Сперва я даже не поняла, о чем он толкует. Когда до меня дошло, я с силой хлестнула его по лицу. Мерзавец!

— Воля ваша, моя госпожа. — Он ничуть не смутился и словно был готов получить еще один удар. — Бейте меня, сколько вам угодно, моя госпожа. Я все равно скажу, что считаю нужным. Завтра начинается официальная похоронная церемония. Императрица Нюгуру уже отказалась идти.
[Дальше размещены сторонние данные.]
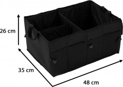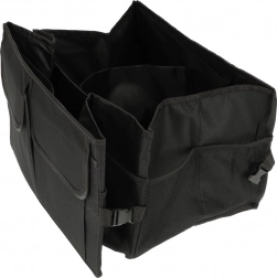Strapabíró poliészterből készült, amely jól bírja a mindennapos használatot. A oldalsó csatok lehetővé teszik a szélesség beállítását vagy a forma gyors rögzítését. A masszív fogantyúknak köszönhetően a rendezőt az áruval együtt könnyen áthelyezheti közvetlenül a csomagtartóból a lakásba.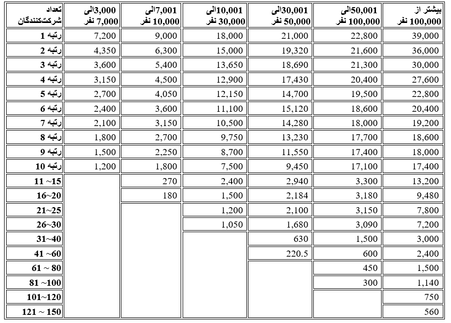 - اگر تعداد شرکت کنندگان ۳۰,۰۰۱ الی ۵۰,۰۰۰ نفر باشند ۶۰ نفر برتر واجد شریاط دریافت جایزه خواهند بود.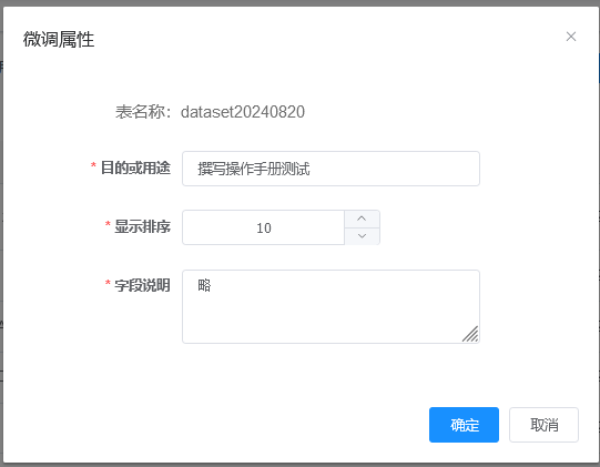 2、界面弹出“微调属性”对话框,用户在对话框中修改目的和用途、显示排序、字段 说明,然后点击“确定”按钮。

Император Тун Чжи также попросил его извинить, потому что погода слишком сырая и холодная. Вам придется в одиночестве представлять императорскую семью и проводить прощальную церемонию возле гробницы. А сопровождать вас туда будет командующий войсками Жун Лу! — Он смотрел на меня в упор, и глаза его сверкали от возбуждения. — Путешествие к гробнице долгое и скучное, — горячо зашептал он, — но его можно скрасить, моя госпожа!

Я отправилась к Нюгуру, чтобы удостовериться в том, что сказал Ань Дэхай. Я умоляла ее изменить решение и поехать вместе со мной. Она отказывалась на том основании, что у нее сейчас появилось новое увлечение, которое отнимает у нее массу времени: коллекционирование европейского хрусталя и стекла.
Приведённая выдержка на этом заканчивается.